Special needs. Down syndrome. Cerebral palsy. Spina bifida. Hydrocephaly. Some of the most anxiety-inducing words in all of adoption. Still, that’s where our family landed after considering all the different adoption options open to us. After all, when expecting our third child, markers for chromosomal disorders, specifically Down syndrome, were found on ultrasounds.
Scott and I stared down a list, marking ‘yes’ and ‘no’ to special needs we felt we could bring into our home and family. Wheelchairs? Not with all the stairs we had in our home. Hard of hearing? Is that really a special need? Marking off the logistical limitations we had was much easier than each of the items we hadn’t considered even being a special need.
Because we felt most prepared through our daughter’s markers to meet the needs of a child with Down syndrome, Scott and I began the process of adopting a waiting child. After asking for more information on Viktorya, we received a file detailing her history. Four pages of medical and social history, rather transparent and thorough, including vaccine records and any hospital visits, along with school information. We took the document to our children’s pediatrician, who was more than happy to look over the report. None of the information was terrifying, so we moved ahead.
When we asked for Denny’s file a few months later, while his report contained only his diagnosis of Down syndrome, reading the three-page report felt like a hit to my gut. Signs of institutionalization, apathetic, no possibilities to create social communications. Still, Scott and I knew he was ours, so we brought his file to the doctor, decided we’d meet Denny where he was, and continued.
Just before traveling to meet Viktorya, we heard from our agency that she’d been diagnosed with Type 1 Diabetes. We panicked! Not because we were scared of parenting a child with diabetes, though it is a tremendous responsibility, but because it wasn’t on the list of special needs we’d consider and we didn’t know how that list would impact our adoption process.
Two years later, when we began Stella’s adoption, her report was seven pages long. Five pages of it terrified us (kidney disorder?!) and two pages of updates from her foster family, written in a much more relaxed style than most reports, reassured us.

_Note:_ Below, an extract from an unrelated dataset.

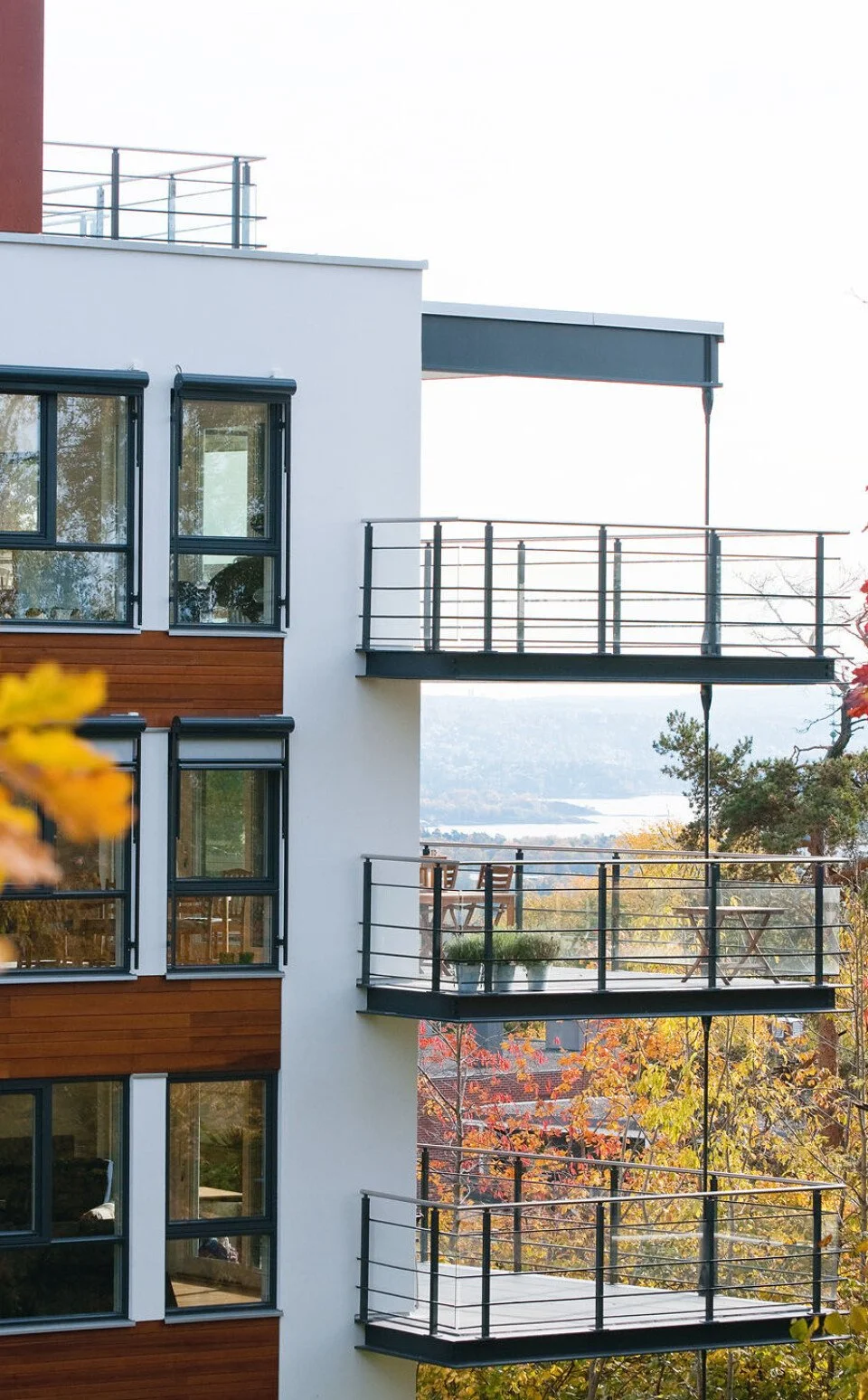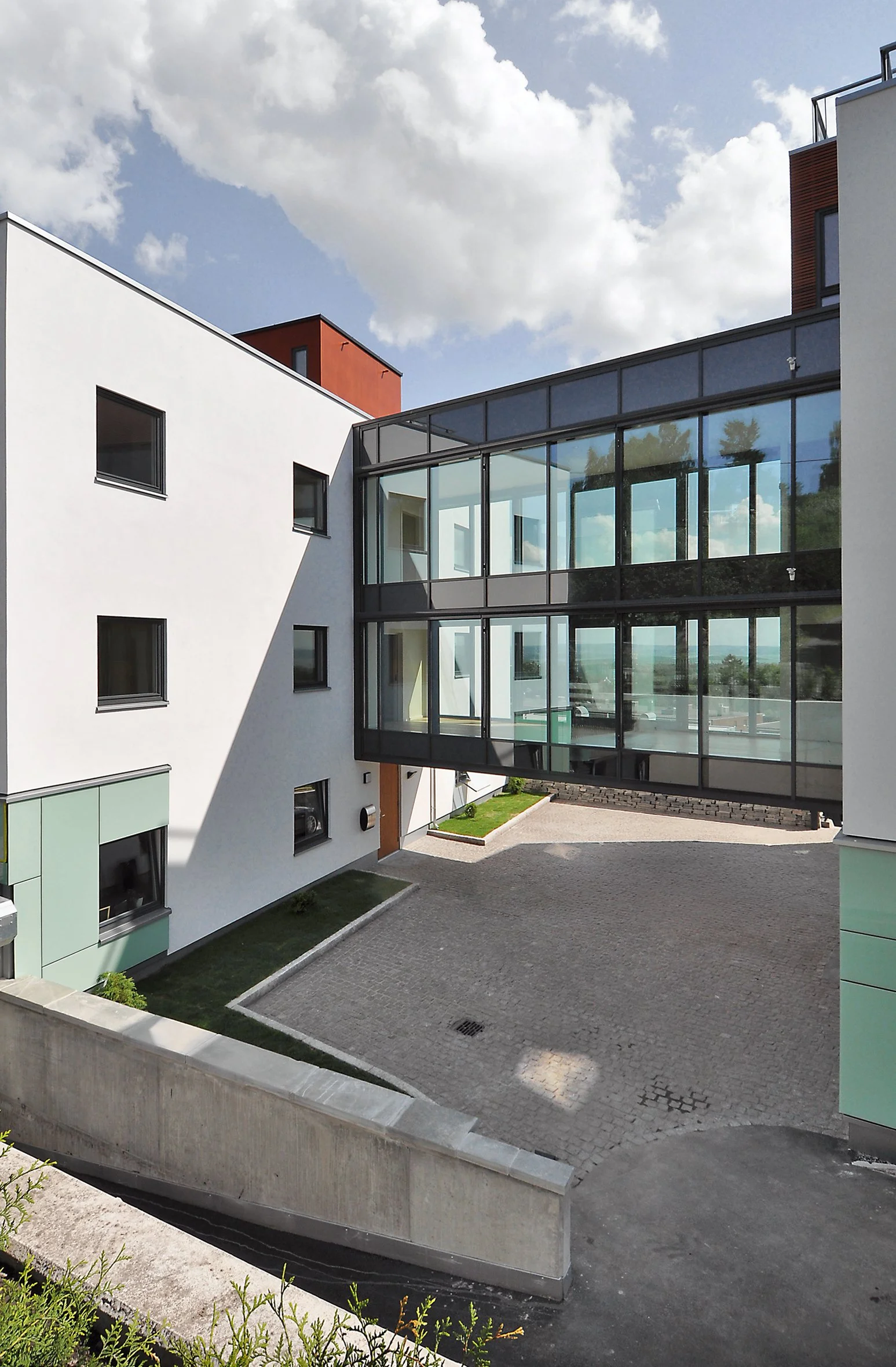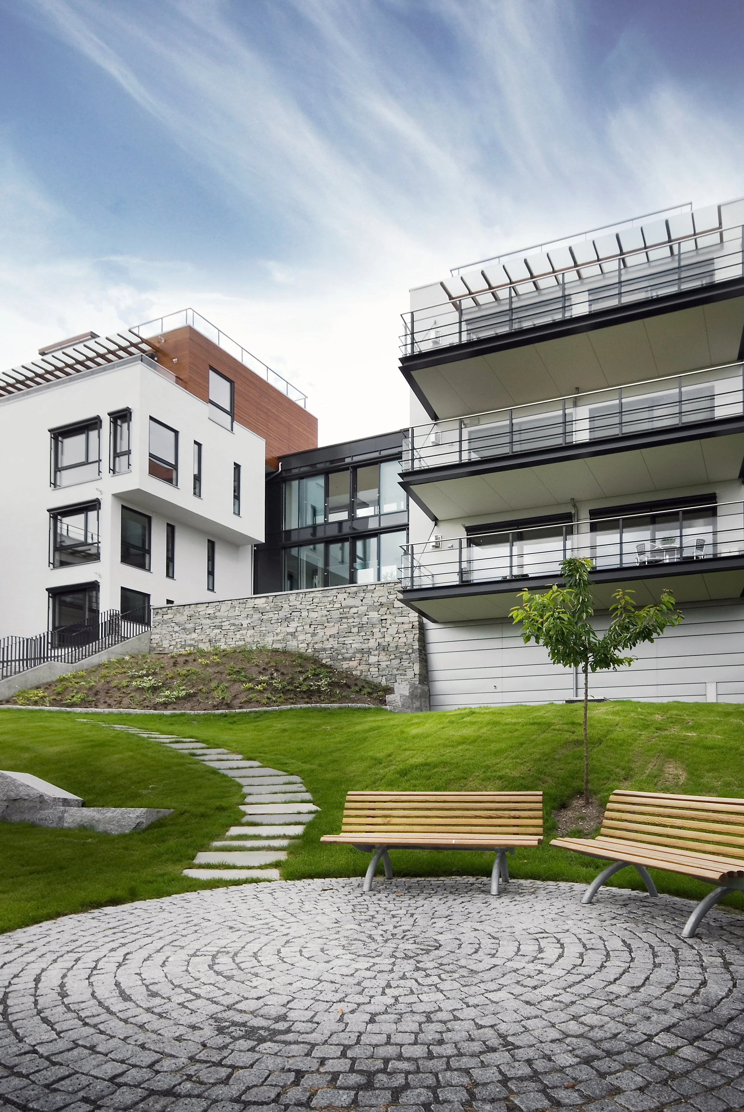 De lange fasadene er brutt opp ved at bebyggelsen trappes med terrenget, og ved at første etasje mot vei er gitt et transparent preg.
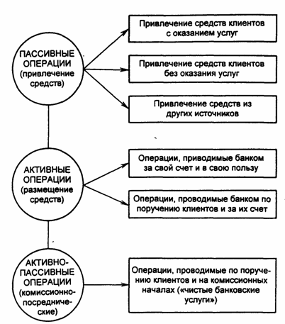 пассивные операции (привлечение средств); активные операции (размещение средств); активно-пассивные (посреднические, трастовые и пр.) операции |

What those lists and reports often fail to convey to prospective adoptive parents is that these children, our children, are people. Individual people with bright personalities and strong opinions and their own sense of self. Reading over the four-page report after bringing Viktorya home, I asked my husband, “How in the world did we miss ‘sometimes tends to become irritable and capricious?’” Along with that capriciousness, she’s a girl who loves her Mama and runs to the front door to hug her Daddy when he comes home from work. She’s a budding artist whose flower drawings pile up on my desk while she ‘works’ next to me.
Reading through Denny’s report, the writer completely underestimated what he was capable of accomplishing with the support of a family. They didn’t consider how incredible therapy services and quality medical care could change a scared and withdrawn little guy into a boy who communicates by any means he can to have his needs and wants met. His ‘can’t walk, can’t talk’ became the foundation from which he launched to begin to reach his full potential.
Stella was fortunate to have a foster mother who was also a social worker, and the love her foster mother felt shone through the report update. Her potential was recognized and her achievements were celebrated. We have to remember that medical reports certainly have their place in helping us navigate our children’s needs once they’re home in their families, but they’re only part of who these children are. I hope you’ll work to discover the rest. They’re worth it!
By Chandres Pickett
Chandres Pickett lives in Virginia with her husband, Scott, and five beautiful children, three of whom were adopted from Bulgaria through Bulgaria’s Waiting Child program.